Charles Plant finishes his term as chair at the end of 2014 and the LSB seems keen to ensure that the SRA itself, not the Law Society, will control the appointments' process in future. This is already the case with the Bar Standards Board.
The proposal for lay chairs may prove to be just as controversial. The majority of responses to the LSB's consultation on the subject were against change.
Opponents, including the Law Society and Bar Standards Board, pointed out that the regulatory boards were already required to have lay majorities and that the proposal would limit the available pool of talent for appointments.
The SRA wrote critically to the LSB and appears to be, at best, ambivalent about the need for a lay chair.

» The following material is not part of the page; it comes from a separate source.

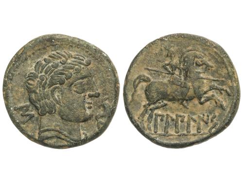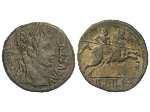 MONEDAS HISPÁNICAS. As. 27 a.C.-14 d.C. ÉPOCA DE AUGUSTO. BILBILIS (CALATAYUD, Zaragoza). Anv.: AVGVSTVS DIVI F. Cabeza laureada de Augusto a derecha. Rev.: Jinete alanceando a derecha, debajo BILBILIS. 10,15 grs. AB-139; ACIP-1656. MBC+.

Many barristers and solicitors are strongly opposed to the move, with one barristers' group alleging that the LSB may be going too far, and threatening judicial review.
Radical change
The LSB is concerned here with its mission to radically change the way in which legal services are being delivered. It has always been worried that lawyers lack the will to make the necessary changes for themselves and appears to see lay chairs as more open to the "freeing up" of those means of delivery.
For the Law Society, the effect could be very significant indeed. In order to maintain its influence in legal politics, the Society needs to control the SRA as much as possible. If it can't have a big say in the appointment of the SRA board and is compelled to work with an unfamiliar lay chair, that influence potentially seeps away.
It may well lead to a scenario where the SRA is a separate legal entity, mainly under LSB control, and becomes the approved regulator under a revised Legal Services Act. Such a possibility might have a 'liberating' effect on the Society, which could then become the sort of campaigning representative body many solicitors want.
In terms of its relationship with the SRA, though, complaining about the size of the SRA budget each year may be a poor substitute for its current position.
Solicitors may need to be careful what they wish for.